Q&A with Joel Lorand
Interview by Isabel Cuenca
The 2014 Texas Patron of the Year exhibition, One of a Kind: Artwork from the Collection of Stephanie Smither, currently on view in the Front Gallery at Art League Houston features work from over forty “outsider” artists from around the world.
Born in Paris, Joel Lorand began drawing at the age of 8 or 9. Although he wanted to go to Art College, he instead began a career in 1978 as a pastry chef/ For many years he did not draw anything, until two months before the birth of his son, he once again took up the pencils and resumed the creative process. To start with it as merely a hobby, but the need to create soon began to completely take over so in 1997, decided to leave his job and move his family to the country. "I trully believe that a superior power has given me a real force, which all true artists posses," said the artist. "A force, which can influence matter making as it passes from the invisible world to the visible world."
1. The thing I love about Sainte Bertille is the facial expressions within the piece. There is tension there that is very captivating. It is as though time stopped when the creature is about to impart judgment. Can you talk about the mysticism and the representation of the spiritual dimension?

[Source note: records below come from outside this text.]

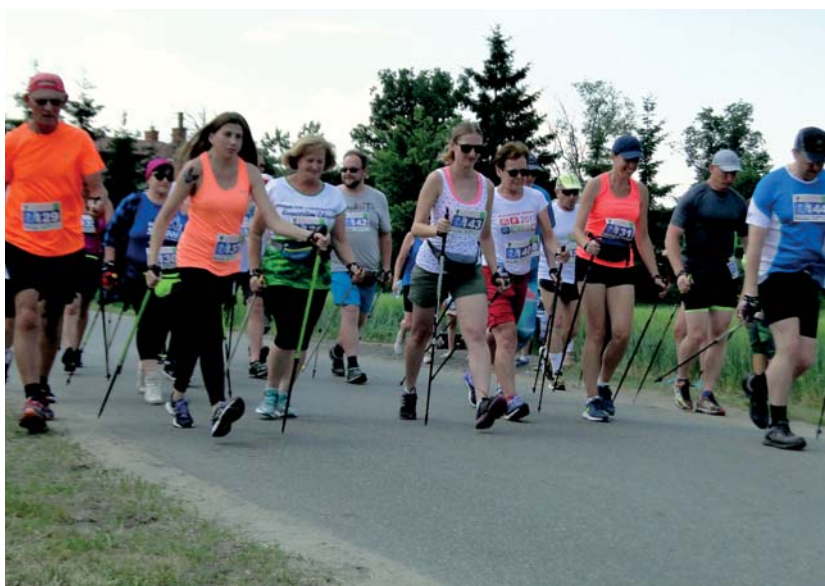
W tym roku na starcie w Kraszewie Gaczułtach zameldowali się fani marszu z kijkami
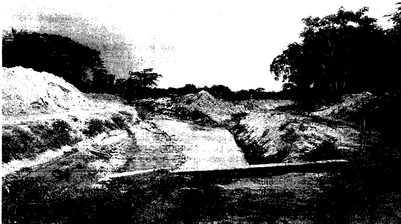
Pontón que debe ser objeto de protección

Se observó también que los trabajos podrán poner en riesgo estructural algunos Box y/o pontones que construidos con anterioridad sobre el cauce de esta quebrada. Razón por la cual se hace necesario que se adelante la construcción de estructuras de protección de estas obras hidráulica. A continuación se muestra una de estas estructuras que podrían estar en riesgo su estabilidad.
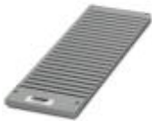
Plastic magazine for CMS-P1 plotter. Accepts 22 Zack band strips
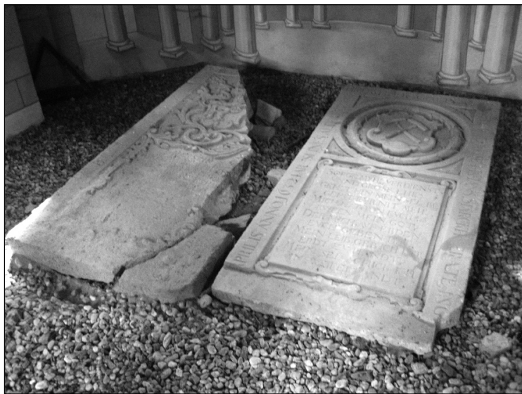
Interiér slobodomurárskeho pavilónu v parku kaštieľa Betliar
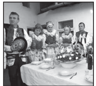
Ostrožsko-Horňácko 33 - 38 Zpravodaj MAS
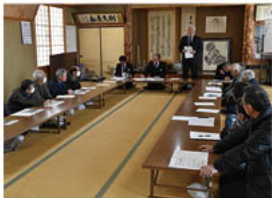
駒村専務が令和元年度実績を含めてあいさつした榑野支所管内会場
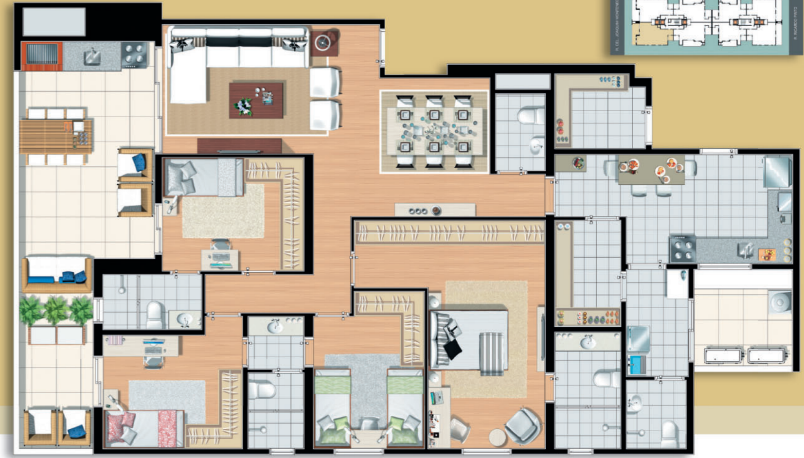
Final 1 • Torre Monti Nero
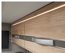
+ Mobiliario en diseño Nogal Nagano y gris Web
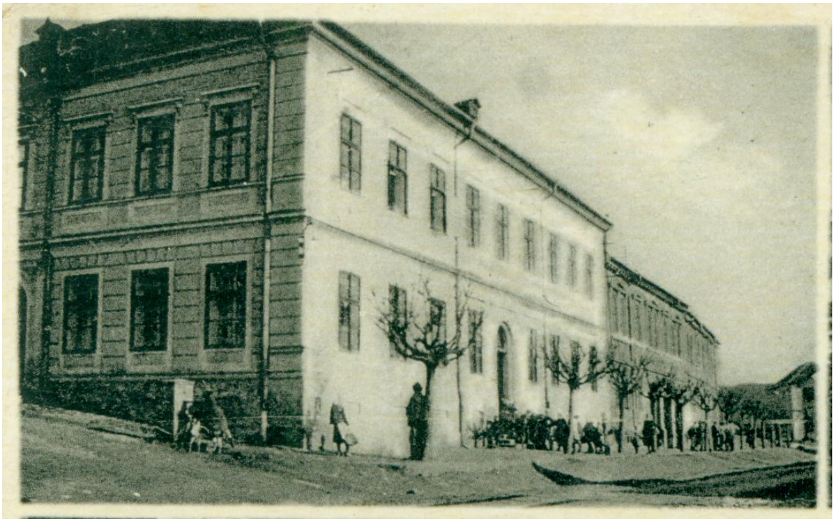
Fotografie dívčí obecné školy z 20. – 30. let 20. století

If there’s a spiritual dimension in the drawing, that’s great, since all artwork should have a spiritual dimension. If that dimension is missing, it’s not even an artwork! I am definitely a mystic, but an agnostic mystic despite my Christian upbringing.
2. I am attracted to your work because of my background as a Filipino. In Philippine mythology, we have a creature called a “Manananggal.” At night this creature’s top half detaches from its lower half, sprouts wings and eats fetuses in the woman’s womb. Is reading about folklores and mythologies from different cultures a part of your research process?

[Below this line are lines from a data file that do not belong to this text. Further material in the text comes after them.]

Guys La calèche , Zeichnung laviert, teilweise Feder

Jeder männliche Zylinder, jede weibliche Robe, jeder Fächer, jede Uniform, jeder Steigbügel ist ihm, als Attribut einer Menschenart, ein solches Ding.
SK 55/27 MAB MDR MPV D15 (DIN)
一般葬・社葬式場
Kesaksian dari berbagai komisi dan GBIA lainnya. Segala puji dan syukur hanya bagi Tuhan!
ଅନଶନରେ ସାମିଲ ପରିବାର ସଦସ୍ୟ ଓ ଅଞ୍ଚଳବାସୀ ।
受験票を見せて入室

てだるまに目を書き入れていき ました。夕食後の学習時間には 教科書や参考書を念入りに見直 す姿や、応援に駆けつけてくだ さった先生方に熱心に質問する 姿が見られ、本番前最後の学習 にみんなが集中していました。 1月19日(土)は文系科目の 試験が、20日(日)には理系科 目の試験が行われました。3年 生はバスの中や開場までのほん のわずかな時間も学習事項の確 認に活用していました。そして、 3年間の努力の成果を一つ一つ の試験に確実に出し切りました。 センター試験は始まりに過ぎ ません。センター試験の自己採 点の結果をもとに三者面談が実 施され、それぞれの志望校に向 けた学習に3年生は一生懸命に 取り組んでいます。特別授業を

People who discover my universe are convinced that I must have a firm grounding in the cultures of ancient civilizations, but that’s not the case. I never travel, and I don’t have a library at home full of books about indigenous arts. My inspiration comes from inside myself, as if I had a long story to tell. This story is already written inside me. I just have to draw it out of my subconscious.

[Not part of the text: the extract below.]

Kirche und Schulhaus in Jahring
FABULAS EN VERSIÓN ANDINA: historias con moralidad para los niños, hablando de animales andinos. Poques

3. I noticed that a lot of your work is symmetrical and balanced, especially Sainte Bertille which is currently on view in the One of a Kind exhibition. Is this deliberate and how do regiments or systems play a role in your work?
It’s true that my work is identifiable for its symmetry, but I also have asymmetrical drawings. I noticed that it’s easier for me to do a drawing about one main figure and to complete the composition around this figure. As if the character at the center of the drawing were the most important and the other elements were secondary.
4. Your work is heavy on detail and very precise. Is your work, or your process meditative?
Definitely, but it’s also hypnotic. The drawing has to captivate the viewer. It’s a certain kind of power over another person, like a shaman or a magician.
5. Visually your work has elements of the metaphysical, the fantastical, and the strange. Are you creating a narrative, like folklore or playing with pre-existing mythology?
You’re right, my work allows for different readings, multiple levels of comprehension. If there’s a mythology in the drawing, that wasn’t really my intention. It’s more the result of an unconscious process. My drawings are loaded wtih symbols and the symbols are universal. They can speak to anyone in the whole world. I am a universal artist in that sense, in the true meaning of the term.
6. What is the significance of scale in your work? For instance in ancient Egyptian art, larger figures represent pharaohs and small character represent the masses. Is this true about your work as well?
Perhaps these large main figures are a projection of my self, that is to say, I am at the center of my universe, and perhaps of the universe more broadly. In a way, I myself must be an "idol," always in my own subconscious.
7. One of the reason why I’m drawn to your work is the marriage between the human and natural elements; roots and vines intertwined around humanesque figures with bark-like skin. Are you making a social or environmental commentary or critique?
I believe so. It is possible that my drawings have en ecological dimension. Perhaps like a warning about a world that is dying or else a new consciousness that’s about to come into being (another kind of human).
8. You mentioned in one of your statements that you started drawing again two months before your sons birth because you needed to give birth to something. Sainte Bertille and some of your other works consists of figures within figures. There is that impression of nesting, or keeping something within a womb that is inherently present in the work. Can you speak more about this desire, how it materialized in your process and the end product – your drawings?
I think that it’s a metaphor. Everything is born and dies. It’s the universal law of the living. The earth is a womb and the cosmos is the largest womb. That does not provide an answer to the question that everyone asks themselves: Where do we come from or where are we going? And that does not cast doubt on the idea of God and faith for the majority of humanity.
9. How do you feel about being described as an “outsider” artist?
I don’t feel any which way about it, since society needs to put people into categories. It’s true that I’m an autodidact, but most importantly my work does not follow the norms of fine art schools. Beyond that, my drawings are too “disturbing” to be trendy or fashionable. And that’s for the best!